About us
Who we are
What we do
We are PEAS. We are an international education not-for-profit organisation that believes in a world where all children enjoy an education that unlocks their full potential. To achieve that, our mission is to expand access to sustainably delivered, quality secondary education across Africa. We are passionate about delivering quality education at a low cost, so that we can educate the poorest rural communities in Africa and replicate our model across other communities.

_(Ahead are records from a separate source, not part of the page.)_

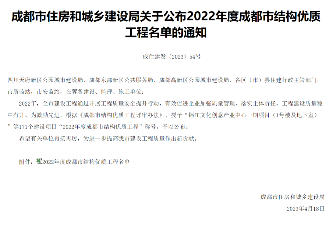 中誠投建工集團三個項目獲2022年度成都“結構優質工程”獎
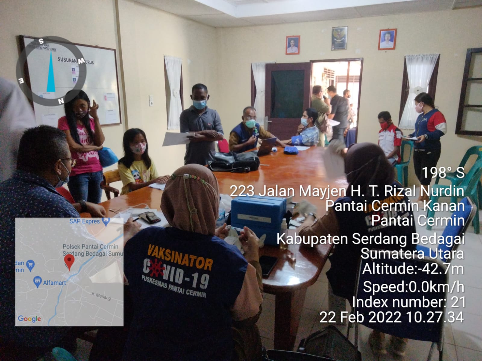Adapun lokasi berada  di  Mapolsek Pantai Cermin di Desa Pantai Cermin Kanan Kec. Pantai Cermin, diikuti okeh Petugas:
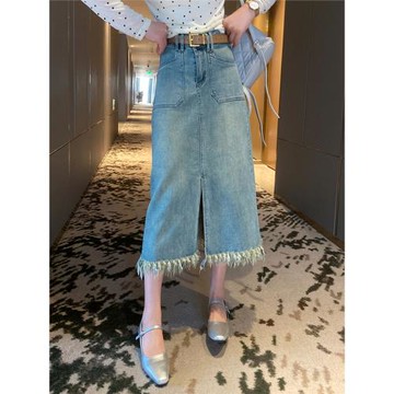 點我下載流蘇開叉牛仔中長裙女2025年春夏新款時尚高腰顯瘦包臀A字半身裙
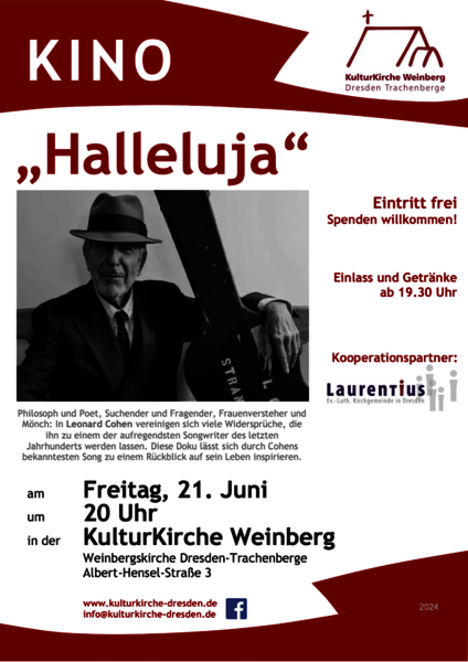 Eine Veranstaltung der Ev.-Luth. Laurentiuskirchgemeinde Dresden-Trachau. Organistation und Management: KulturKirche Weinberg Dresden-Trachenberge e.V.
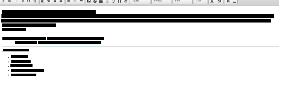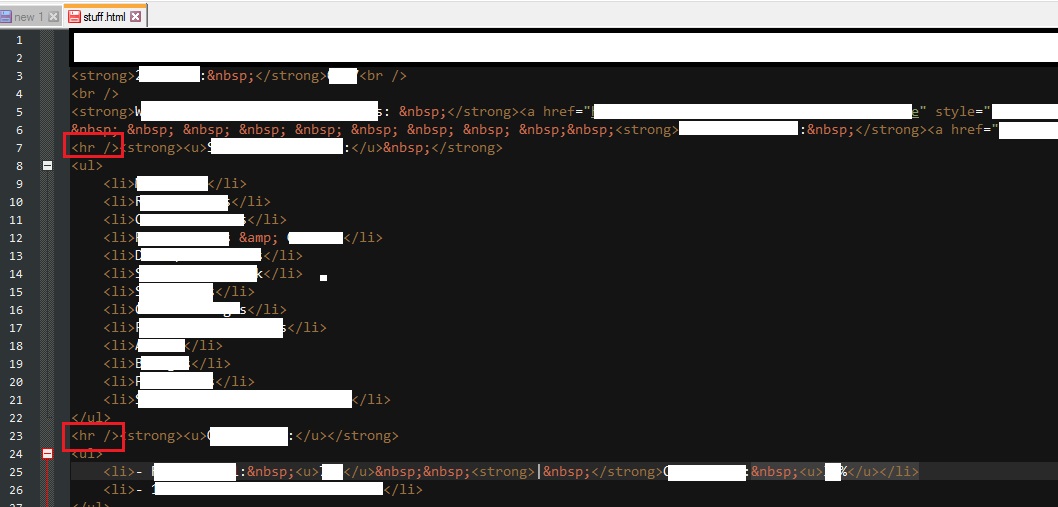 我有一个将html存储在sql表中的应用程序,我需要使用和显示其中的报表。文本占位符被设置为'HTML -将HTML标记解释为样式‘,除了'<'hr /’>标记之外,所有html实际上都得到了很好的解释。
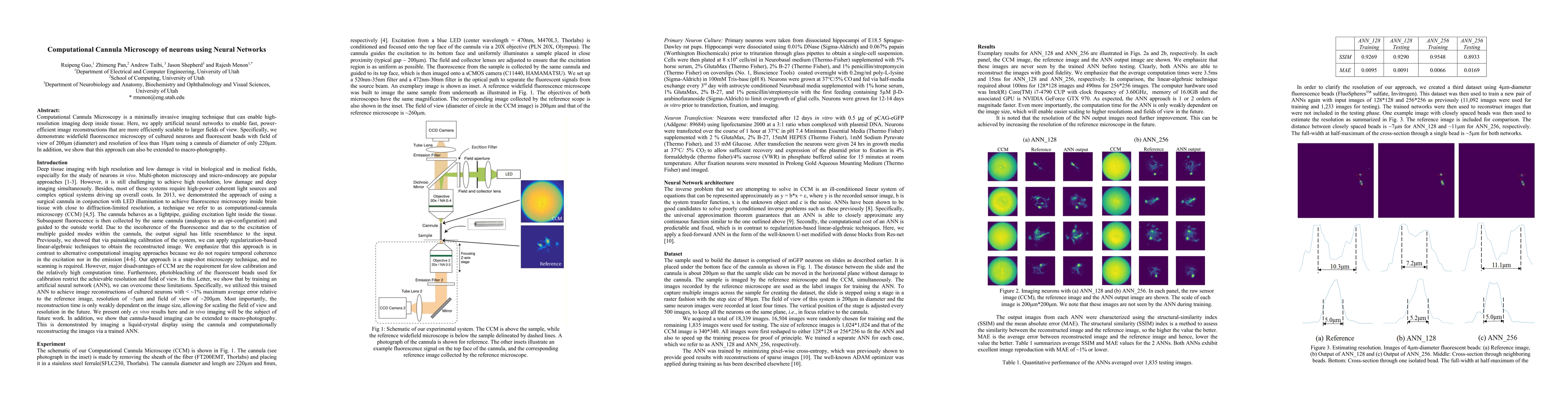 This paper introduces Computational Cannula Microscopy, a minimally invasive imaging technique that uses neural networks for fast, power-efficient image reconstructions. It demonstrates high-resolution imaging of neurons and fluorescent beads with a 200$\mu$m field of view and less than 10$\mu$m resolution through a 220$\mu$m cannula, and extends the method to macro-photography.
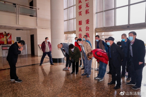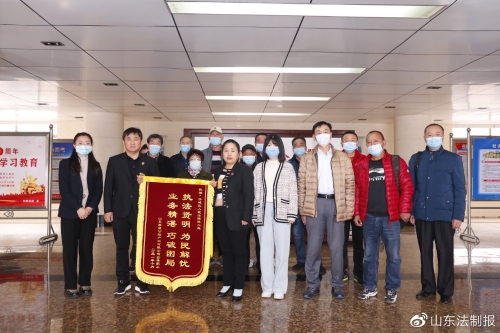11月3日一早,赵涵光一行十几人来到济宁市任城区人民法院,代表山东盛源公路产业有限公司的120多名职工将印有“执法贤明 为民解忧 业务精湛 巧破困局”十六个烫金大字的锦旗交到该院合议庭法官左殿俊、李建兵、李迎春手中,并不约而同的向三位法官及其团队深鞠躬致谢。
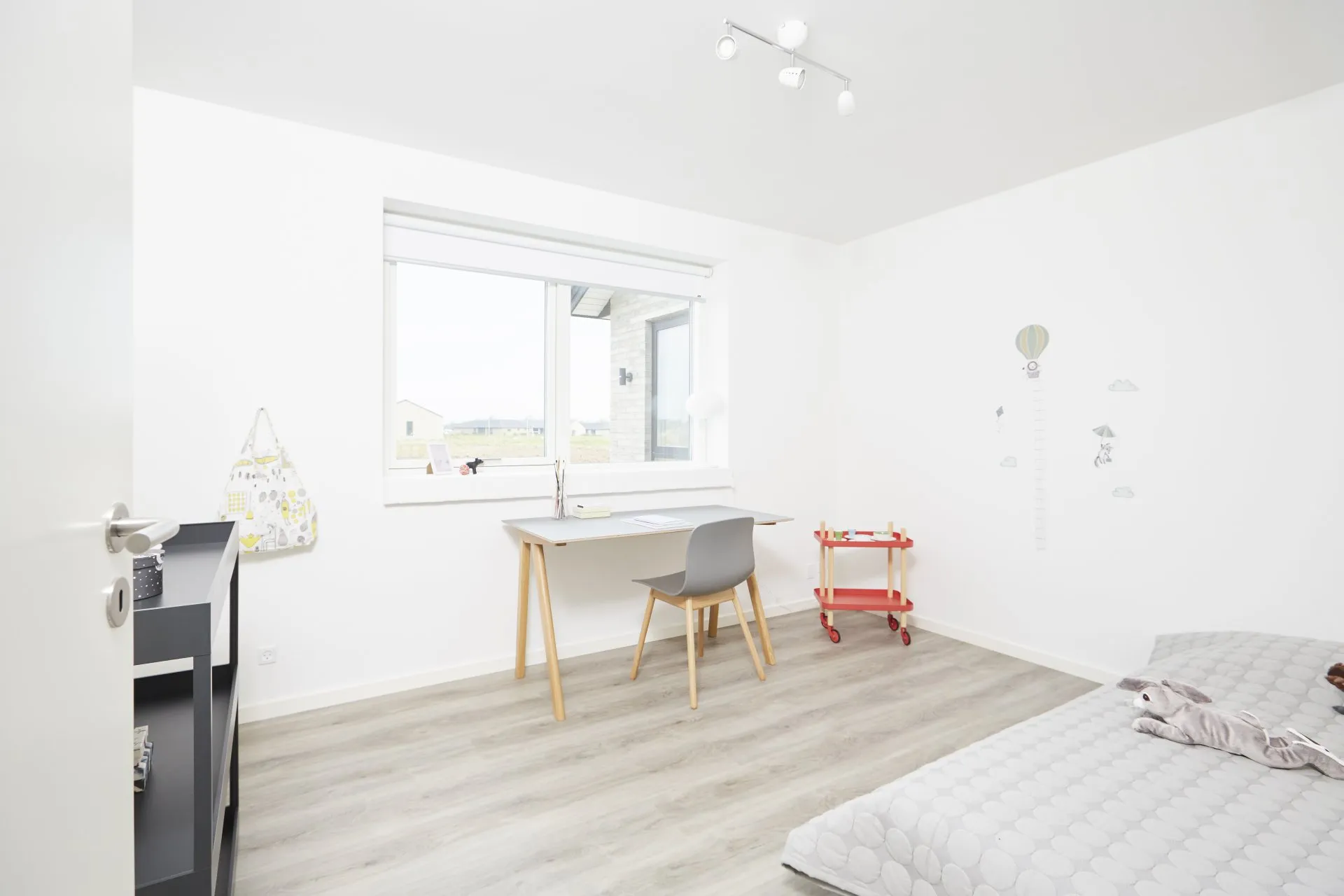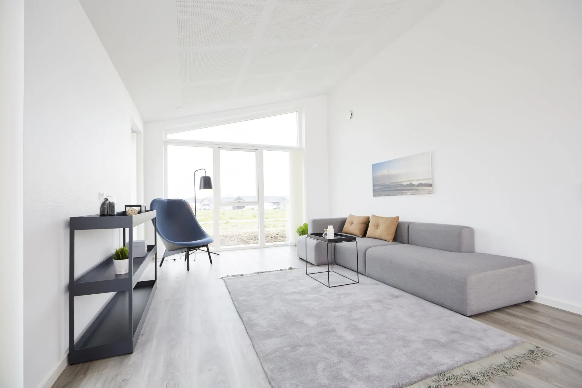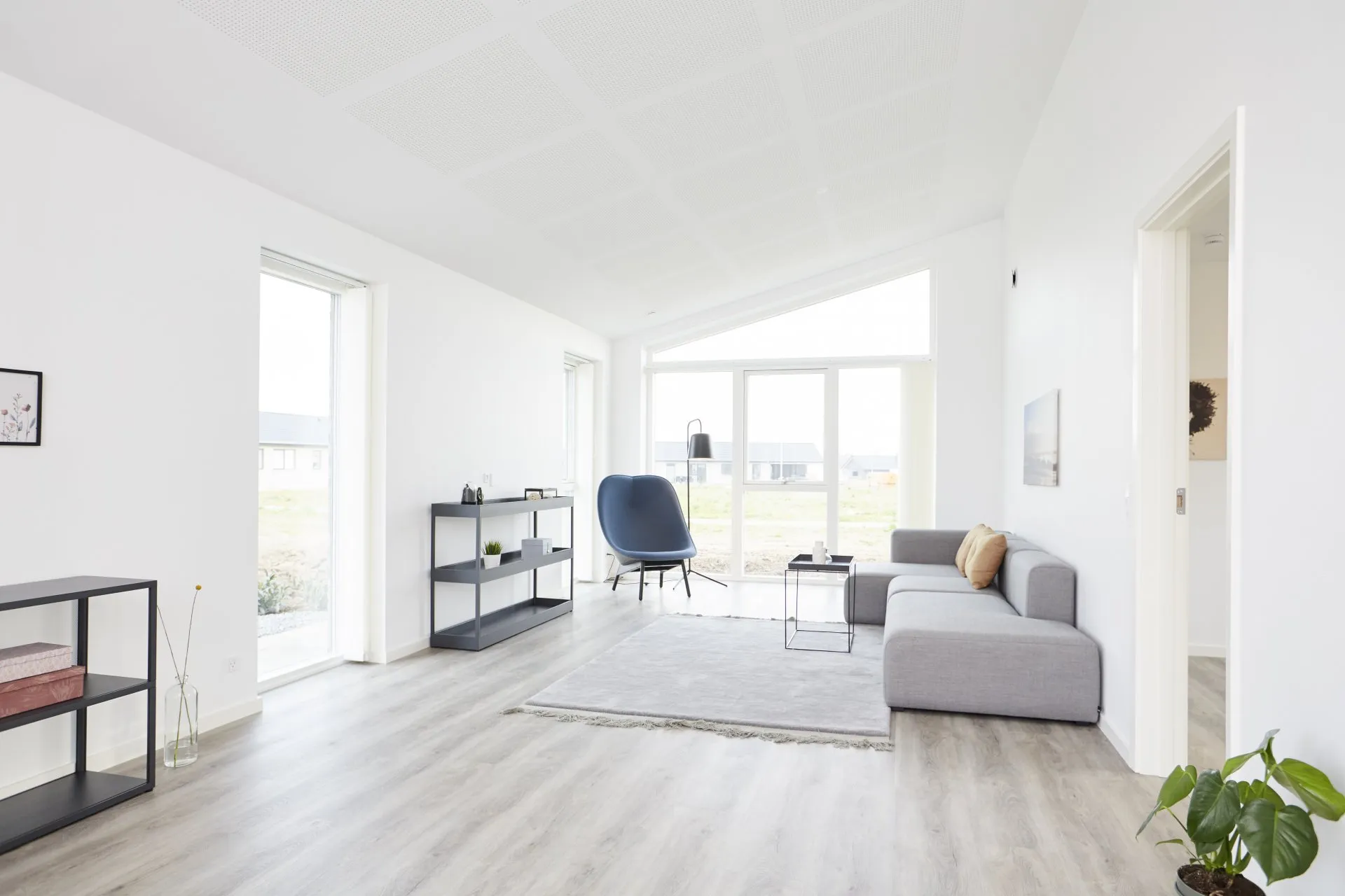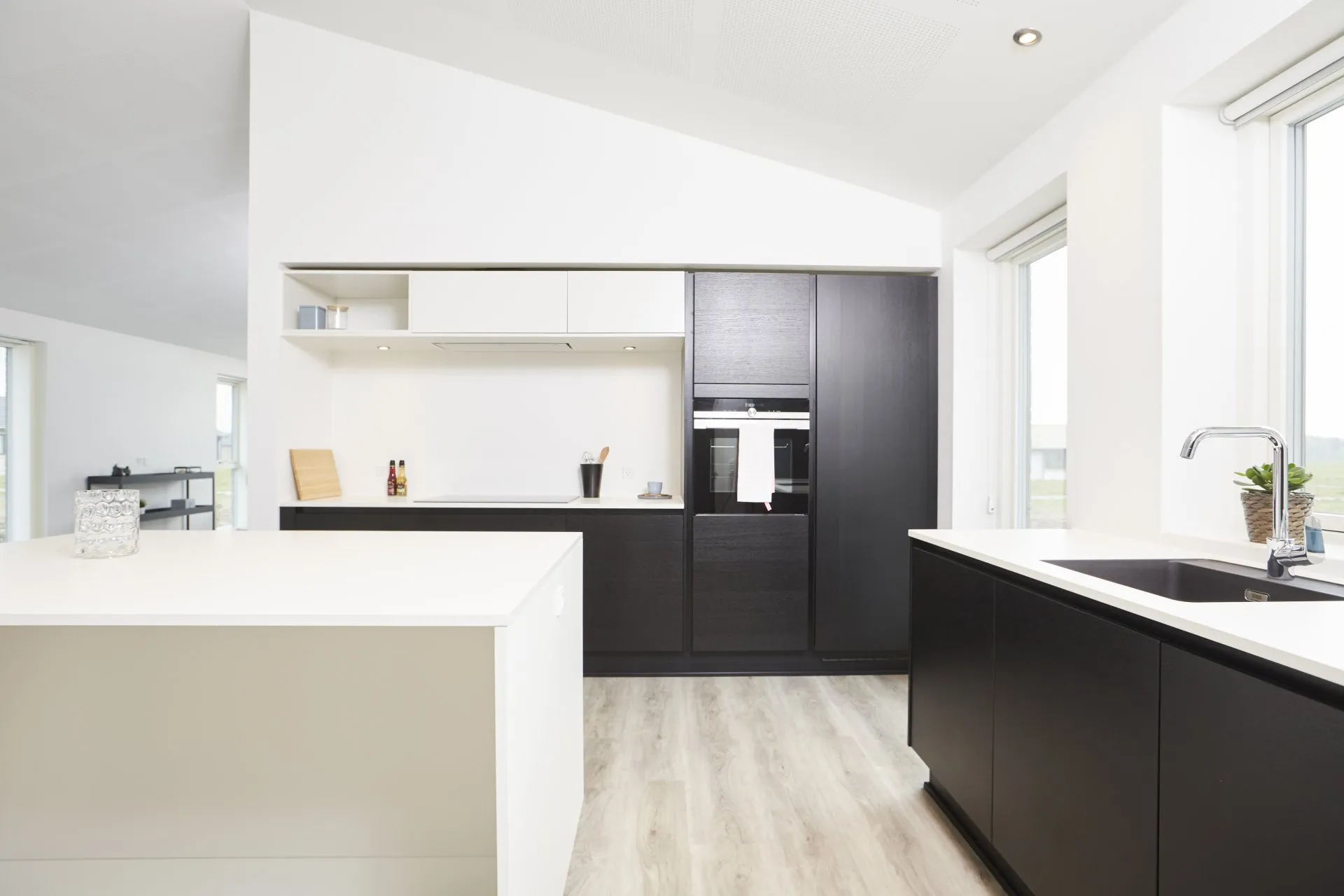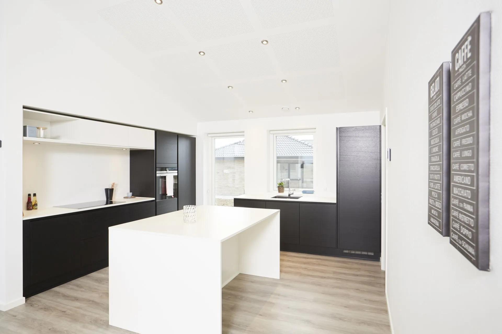 Skabsvæg, indbygget kogeø samt skråloft i alrum og stue.

We have a network of 32 schools across Uganda and Zambia educating over 14,000 marginalised students and work together with governments to roll out the PEAS approach in government schools to scale our impact.
External evidence shows that PEAS helps the most marginalised to overcome the barriers they face in accessing secondary school. PEAS students are poorer than students in other school types and we enrol more girls and students with special educational needs and lower primary school results. Despite the disadvantages they face, PEAS schools help students make faster learning progress.
We are proud of our achievements to date, but we know we can achieve even more. Building on the solid foundations of our programme, we want to grow our impact in both our own secondary school networks and beyond.
Our ambition is to be true exemplars of quality education, and to drive improvements across the education system.
And why do we do it?
The opportunity of secondary education
The UN Sustainable Development Goal for Education targets inclusive and quality education for all and promotes lifelong learning – and secondary education is a key part of this goal.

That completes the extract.